After I upgraded to latest: CentOS Linux release 7.7.1908 (Core) I am facing nfs crashes which cause the system to hang frequently.
This is caused by cp to nfs-mounted shares.
Below is dmesg output; you will see call traces. These cause system to gradually overload:
[root@hesperia1 ~]# top top - 10:09:40 up 10:16, 1 user, load average: 53.66, 54.13, 52.98 Tasks: 475 total, 2 running, 436 sleeping, 0 stopped, 37 zombie %Cpu(s): 0.1 us, 0.6 sy, 0.0 ni, 99.2 id, 0.0 wa, 0.0 hi, 0.0 si, 0.1 st KiB Mem : 3879928 total, 813504 free, 1733216 used, 1333208 buff/cache KiB Swap: 4063228 total, 4062708 free, 520 used. 1797264 avail Mem
and finally hangs showing messages (which I have not recorded precisely) in the CLI login screen like "System out of memory". Then I have to reboot.

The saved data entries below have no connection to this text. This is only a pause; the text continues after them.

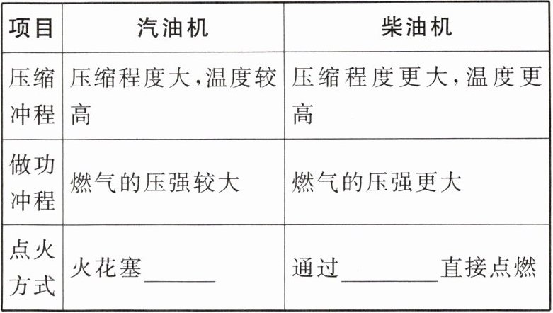 | 点火方式 | 火花塞____ | 通过____直接点燃 |
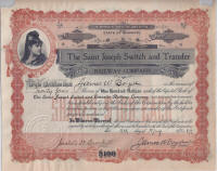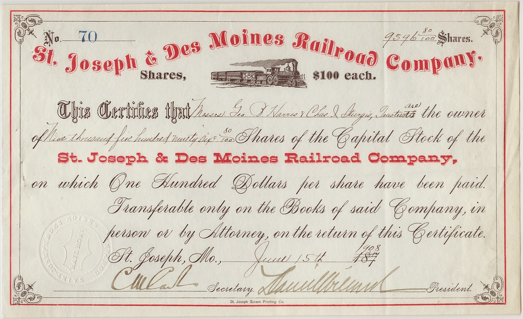Joseph & Des Moines Railroad Co. $100 Common Stock 9596.8 shares Issued date June 15,1908
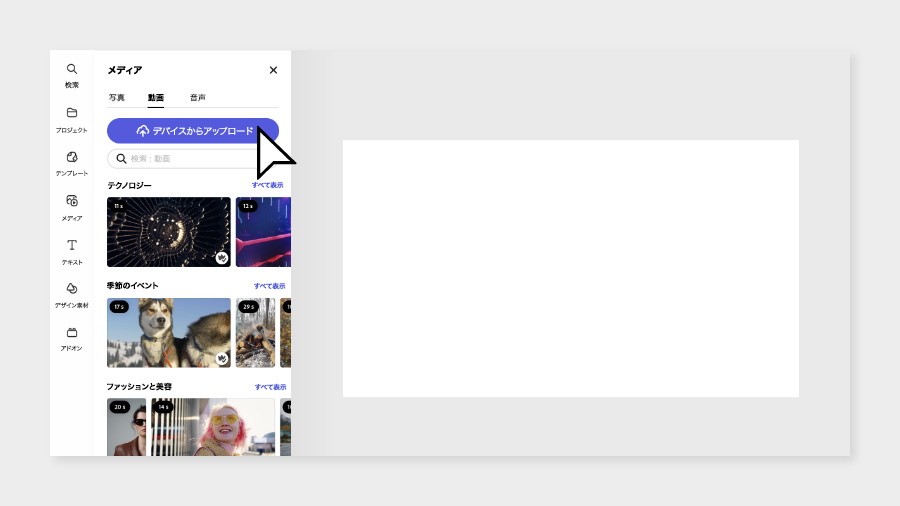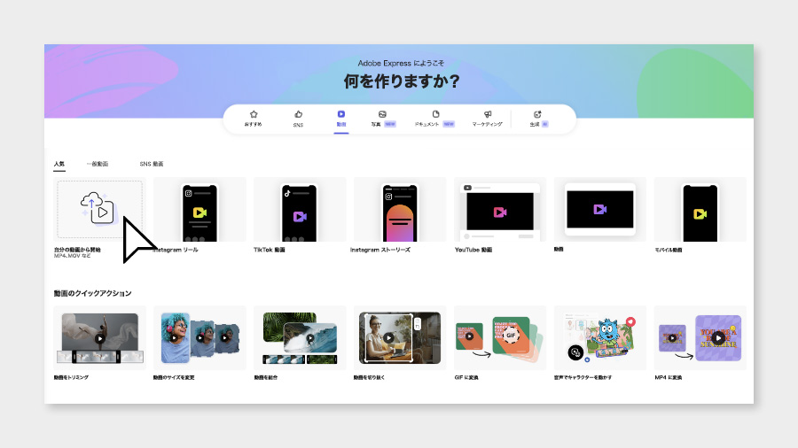 もうひとつのオプションでは、Adobe Expressライブラリのコンテンツをベースに新しいビデオを制作します。左上の青いボタンから作成メニューを開き、新規作成タブで「 すべて表示 」をクリックします。動画のなかから好みの形式を選択します。Adobe Stockで利用可能な何千ものビデオの中から検索して選択します。
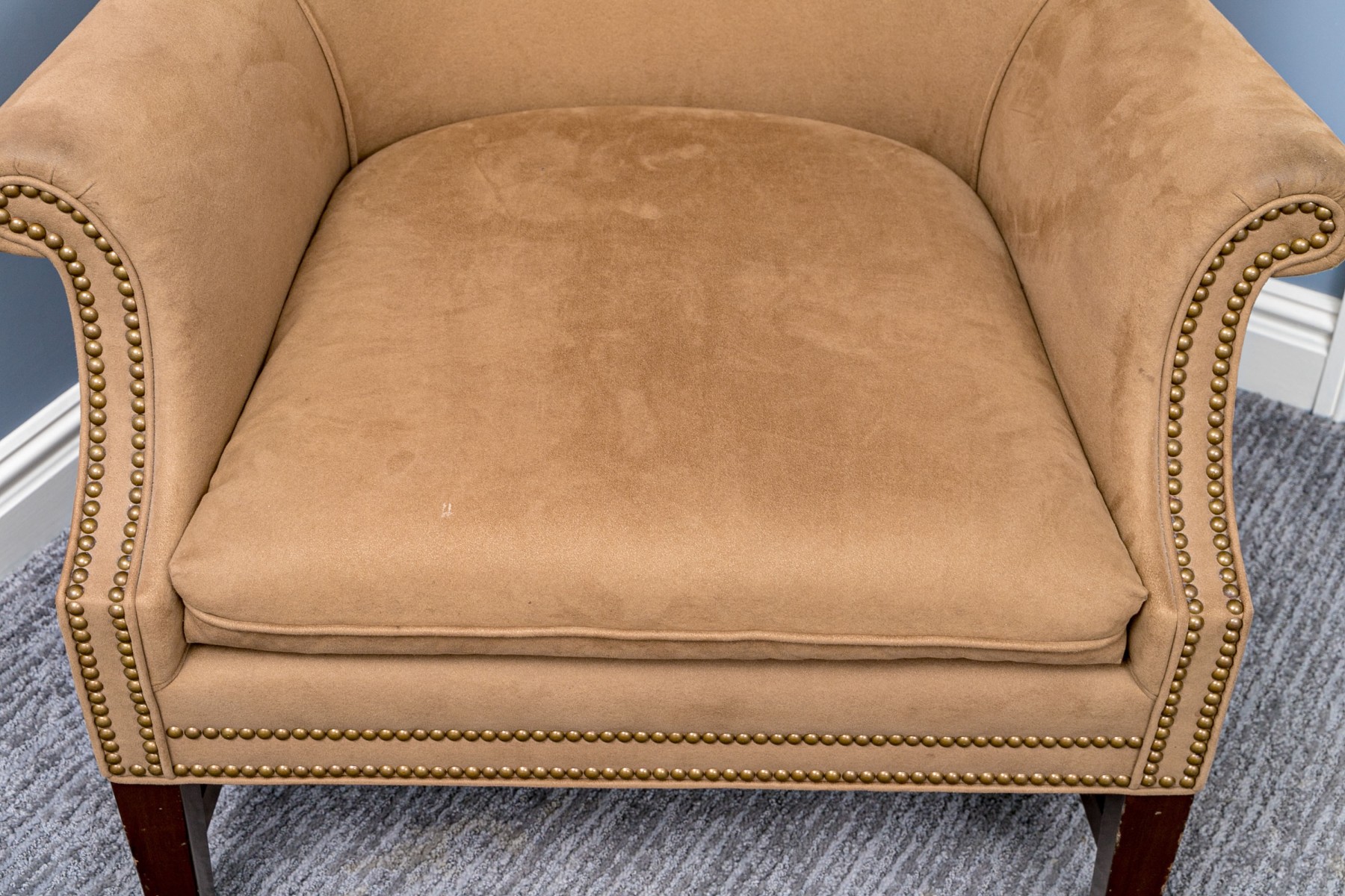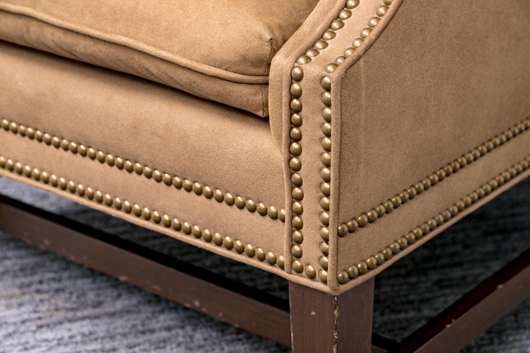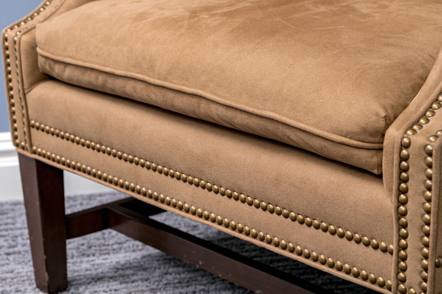 A handsome wingback chair, likely Wesley Hall "Heathcliff." Upholstered in light caramel brown suede for a luxurious feel. Features a wide button tufted back and scrolled arms with brass nailhead trims extending down the arm fronts and the apron. Raised on dark brown finished tapered legs surrounding a box stretcher.

I tried to downgrade nfs-utils and rpcbind to earlier versions (in case there is a bug in latest ones), but I couldn't:
[root@hesperia1 ~]# yum downgrade rpcbind-0.2.0-47 nfs-utils-1.3.0-61 Loaded plugins: fastestmirror Loading mirror speeds from cached hostfile * base: ftp.ntua.gr * epel: mirrors.daticum.com * extras: ftp.ntua.gr * updates: ftp.ntua.gr No package rpcbind-0.2.0-47 available. No package nfs-utils-1.3.0-61 available. Error: Nothing to do
Do you know if this is a known bug? (I couldn't find something in my searches.)
Can you suggest a solution / workaround? I am facing this problem constantly and the system has become unstable.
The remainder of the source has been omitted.